>>>
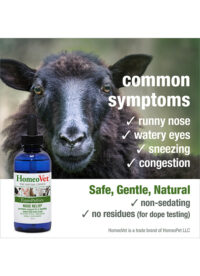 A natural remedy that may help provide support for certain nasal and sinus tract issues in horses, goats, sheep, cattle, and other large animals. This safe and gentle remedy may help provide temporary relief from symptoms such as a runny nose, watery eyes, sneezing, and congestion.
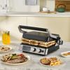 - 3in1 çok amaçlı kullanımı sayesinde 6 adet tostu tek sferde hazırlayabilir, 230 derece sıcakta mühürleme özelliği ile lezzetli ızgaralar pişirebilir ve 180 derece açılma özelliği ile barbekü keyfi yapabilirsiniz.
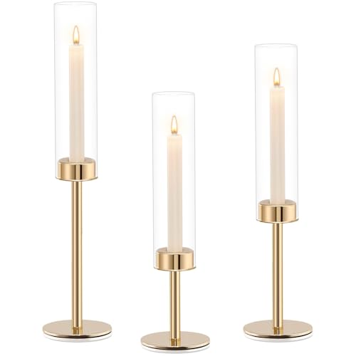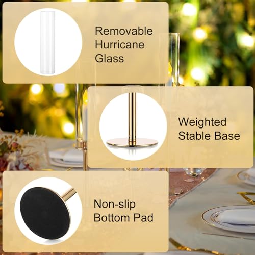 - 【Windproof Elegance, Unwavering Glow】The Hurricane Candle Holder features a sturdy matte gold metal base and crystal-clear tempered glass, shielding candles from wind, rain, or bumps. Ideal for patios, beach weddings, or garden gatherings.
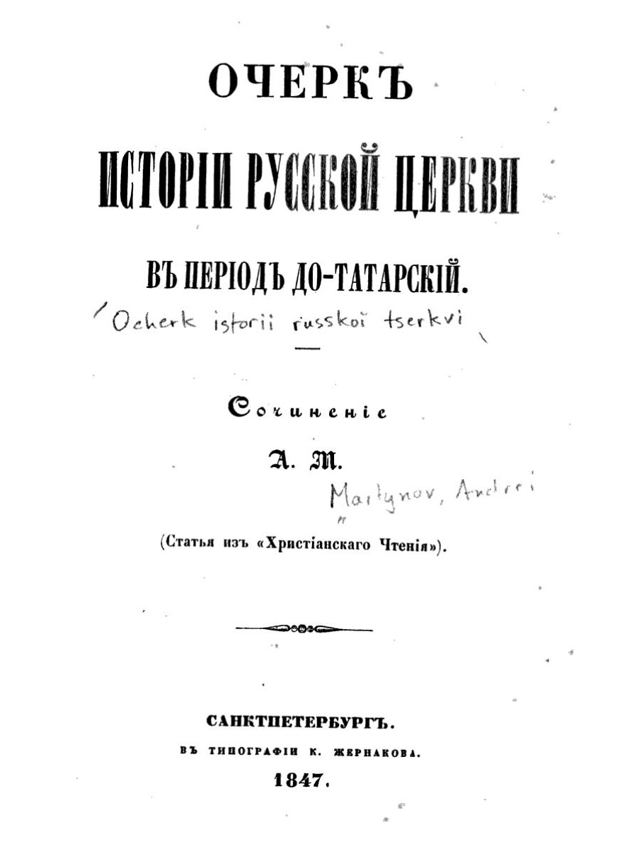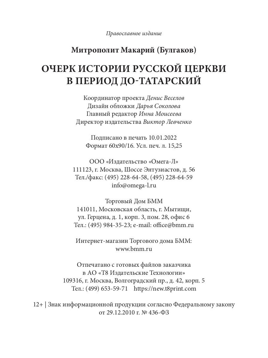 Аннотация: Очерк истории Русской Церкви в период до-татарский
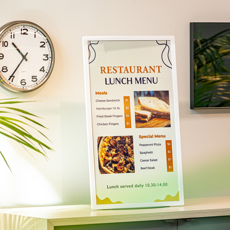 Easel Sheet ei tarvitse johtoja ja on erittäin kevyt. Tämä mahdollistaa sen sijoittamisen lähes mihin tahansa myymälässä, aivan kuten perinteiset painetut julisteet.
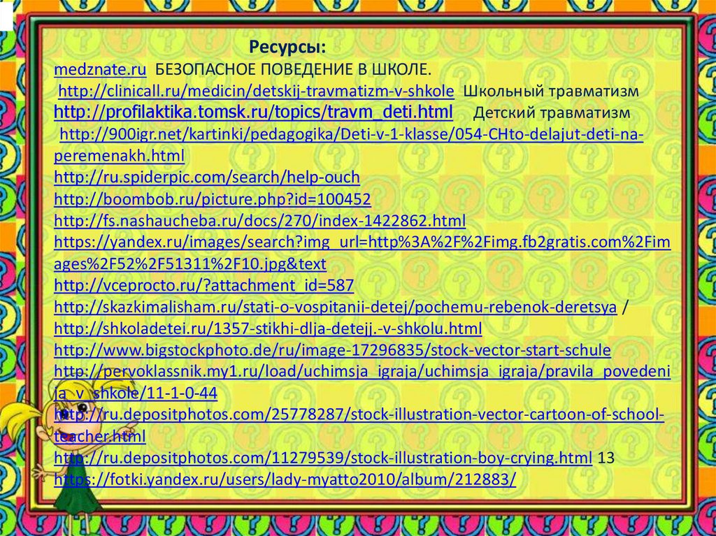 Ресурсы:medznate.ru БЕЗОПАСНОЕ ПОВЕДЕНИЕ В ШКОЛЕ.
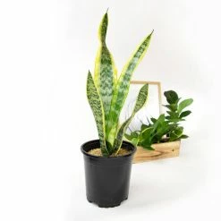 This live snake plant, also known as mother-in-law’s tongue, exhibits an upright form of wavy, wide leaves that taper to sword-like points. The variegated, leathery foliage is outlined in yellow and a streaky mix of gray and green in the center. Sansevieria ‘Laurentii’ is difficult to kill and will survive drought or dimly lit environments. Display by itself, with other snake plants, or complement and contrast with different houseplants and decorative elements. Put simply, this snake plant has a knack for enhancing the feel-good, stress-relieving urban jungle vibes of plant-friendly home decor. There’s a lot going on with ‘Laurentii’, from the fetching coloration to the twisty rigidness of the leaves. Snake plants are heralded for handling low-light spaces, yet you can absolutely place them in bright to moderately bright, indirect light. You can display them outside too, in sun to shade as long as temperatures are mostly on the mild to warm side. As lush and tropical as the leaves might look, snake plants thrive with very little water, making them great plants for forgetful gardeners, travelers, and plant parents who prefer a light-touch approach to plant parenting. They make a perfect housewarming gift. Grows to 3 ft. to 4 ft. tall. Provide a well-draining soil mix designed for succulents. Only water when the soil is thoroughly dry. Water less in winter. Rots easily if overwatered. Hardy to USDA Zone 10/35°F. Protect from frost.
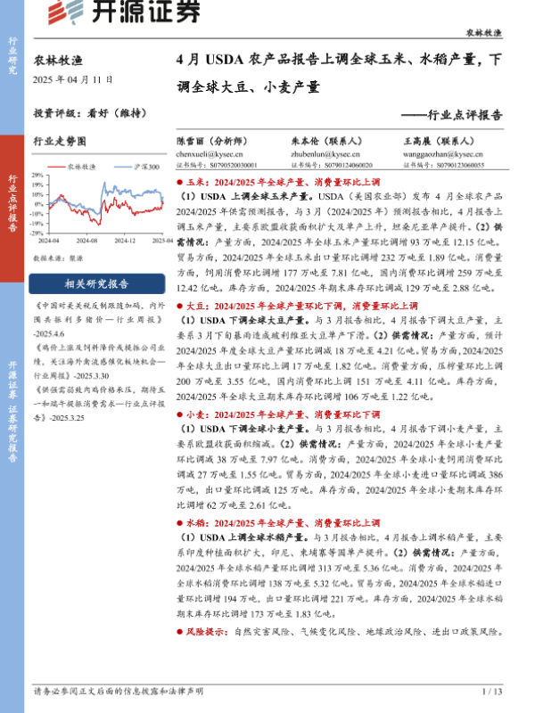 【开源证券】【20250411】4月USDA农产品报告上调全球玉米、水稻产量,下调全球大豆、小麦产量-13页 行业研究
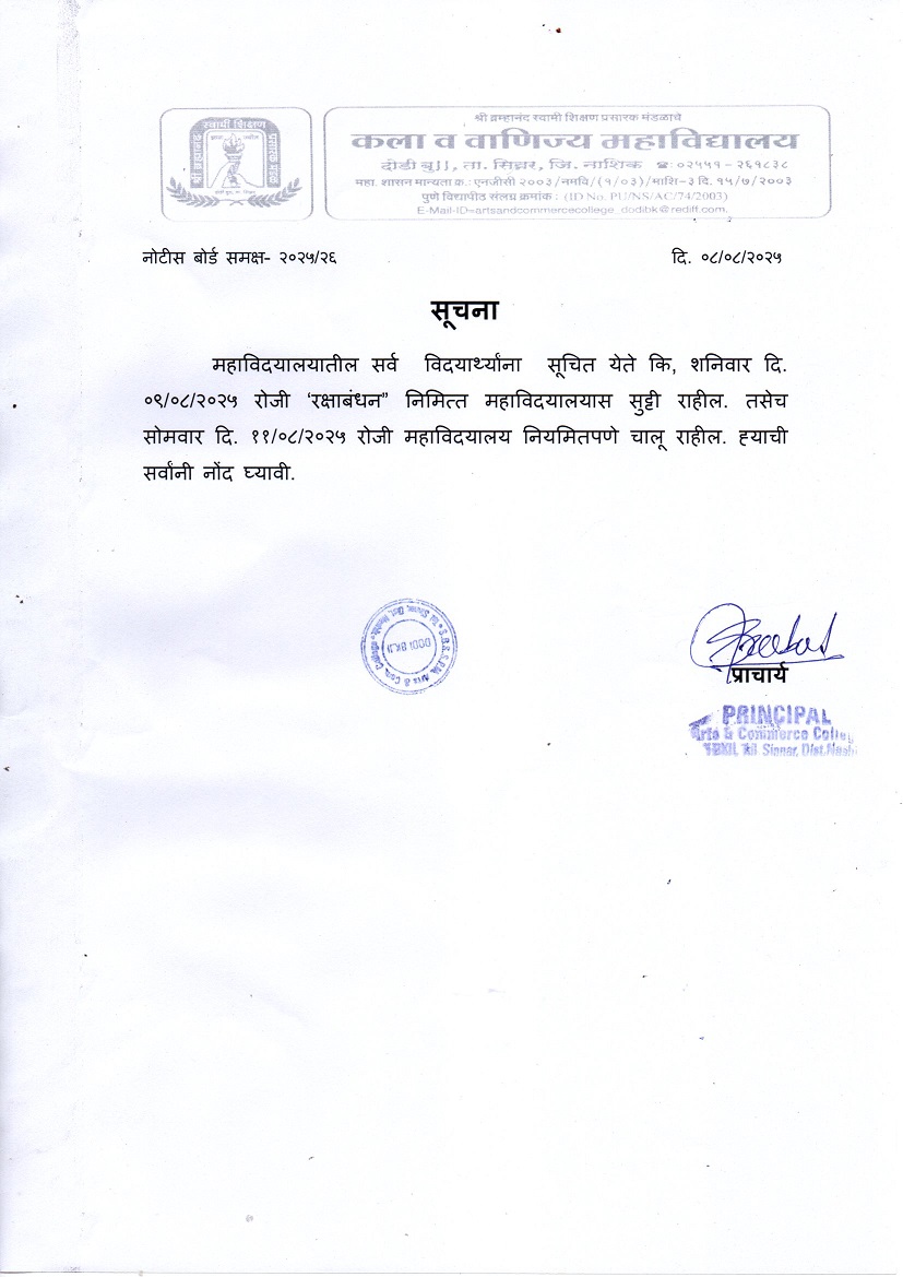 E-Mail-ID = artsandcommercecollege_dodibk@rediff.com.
<<<
Work required » Would you transcribe the lines above exactly, going from the line bearing "- 3in1 çok amaçlı" through the line bearing "Ресурсы:medznate.ru БЕЗОПАСНОЕ ПОВЕДЕНИЕ", and drop the pictures from the copy?

Task answer »
 - 3in1 çok amaçlı kullanımı sayesinde 6 adet tostu tek sferde hazırlayabilir, 230 derece sıcakta mühürleme özelliği ile lezzetli ızgaralar pişirebilir ve 180 derece açılma özelliği ile barbekü keyfi yapabilirsiniz.
 - 【Windproof Elegance, Unwavering Glow】The Hurricane Candle Holder features a sturdy matte gold metal base and crystal-clear tempered glass, shielding candles from wind, rain, or bumps. Ideal for patios, beach weddings, or garden gatherings.
 Аннотация: Очерк истории Русской Церкви в период до-татарский
 Easel Sheet ei tarvitse johtoja ja on erittäin kevyt. Tämä mahdollistaa sen sijoittamisen lähes mihin tahansa myymälässä, aivan kuten perinteiset painetut julisteet.
 Ресурсы:medznate.ru БЕЗОПАСНОЕ ПОВЕДЕНИЕ В ШКОЛЕ.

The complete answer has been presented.